General information
- Type: Ultralight trike
- National origin: Germany
- Manufacturer: Silent Family
- Designer: Helmut Grossklaus
- Status: In production (2013)

= Silent Family Silent Racer =

German ultraight trike

The Silent Family Silent Racer is a German ultralight trike, designed by Helmut Grossklaus and produced by Silent Family of Westerrade. The aircraft is supplied as a complete ready-to-fly-aircraft.

==Design and development==
The Silent Racer was designed to comply with the Fédération Aéronautique Internationale microlight category, including the category's maximum gross weight of 450 kg. The aircraft has a maximum gross weight of 450 kg. It features a cable-braced hang glider-style high-wing, weight-shift controls, a two-seats-in-tandem open cockpit with a windshield, retractable tricycle landing gear and a single engine in pusher configuration.
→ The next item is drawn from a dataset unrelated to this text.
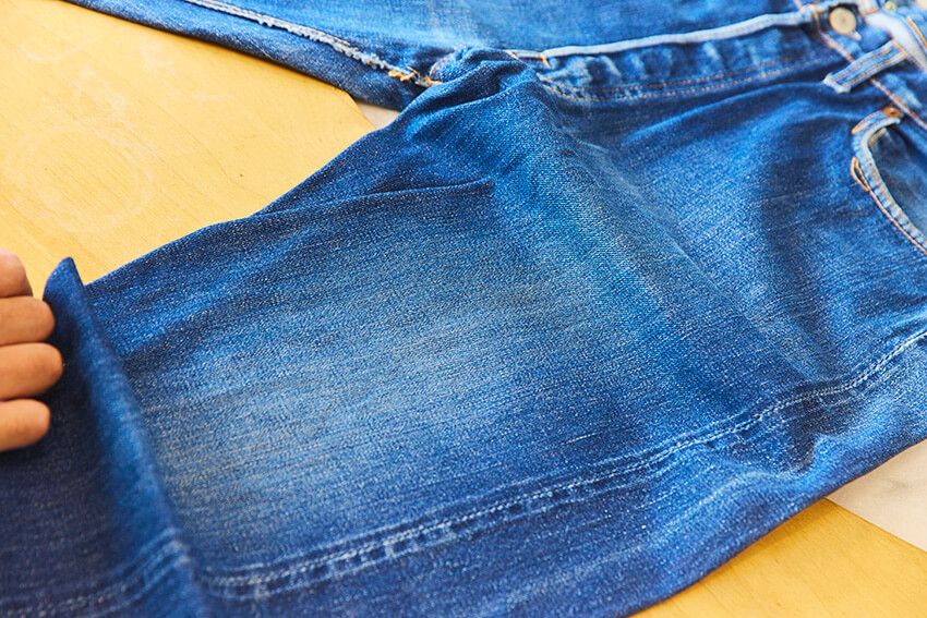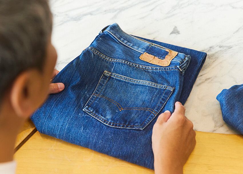 「丈がすごく短く、裾を折り返してはいていました。当時はお金がなくて迷いましたが、色が良かったので思い切って購入しました。今では妻がよくはいています」。

The aircraft is made from composites, with its double surface wing covered in Dacron sailcloth. A variety of wings can be used from 10 to 12 m in span and 10 to 15 m2 in area, all supported by a single tube-type kingpost and employing an "A" frame weight-shift control bar. The powerplant is a twin cylinder, air-cooled, two-stroke, dual-ignition 53 hp Hirth 2704 engine or 65 hp Hirth 2706. The aircraft has an empty weight of 200 kg and a gross weight of 450 kg, giving a useful load of 250 kg. With full fuel of 57 L the payload is 209 kg.